> **Task item**:
Exactly as they appear, retype the lines from the one containing "オプション例 (左)サイドパネル (右)スクリーンパネル、軒天パネル" through the final line of the data below. Leave pictures out.

> **Data excerpt**:
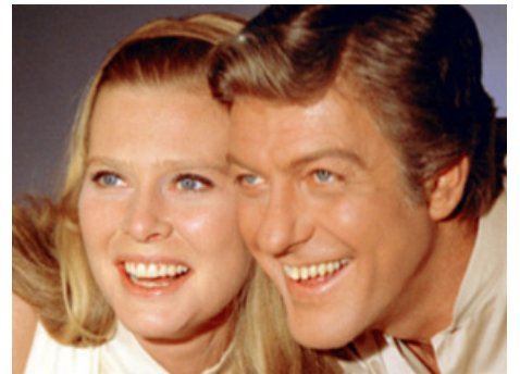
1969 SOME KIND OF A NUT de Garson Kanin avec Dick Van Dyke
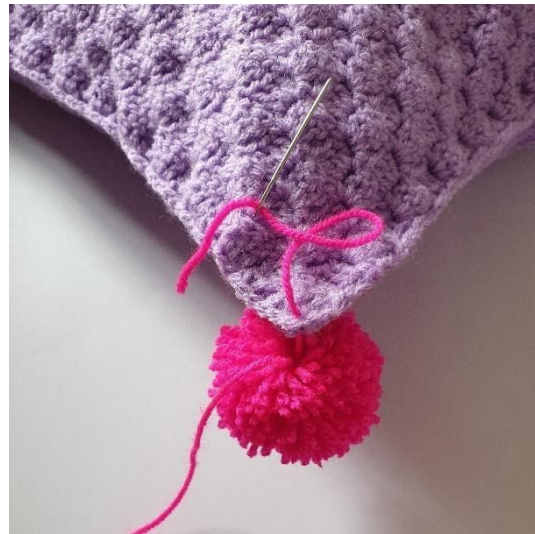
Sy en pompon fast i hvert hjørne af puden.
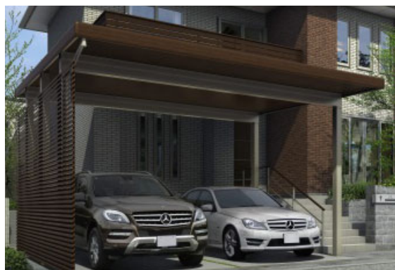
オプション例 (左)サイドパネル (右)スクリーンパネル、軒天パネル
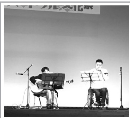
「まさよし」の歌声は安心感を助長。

> **Written answer**:
オプション例 (左)サイドパネル (右)スクリーンパネル、軒天パネル
「まさよし」の歌声は安心感を助長。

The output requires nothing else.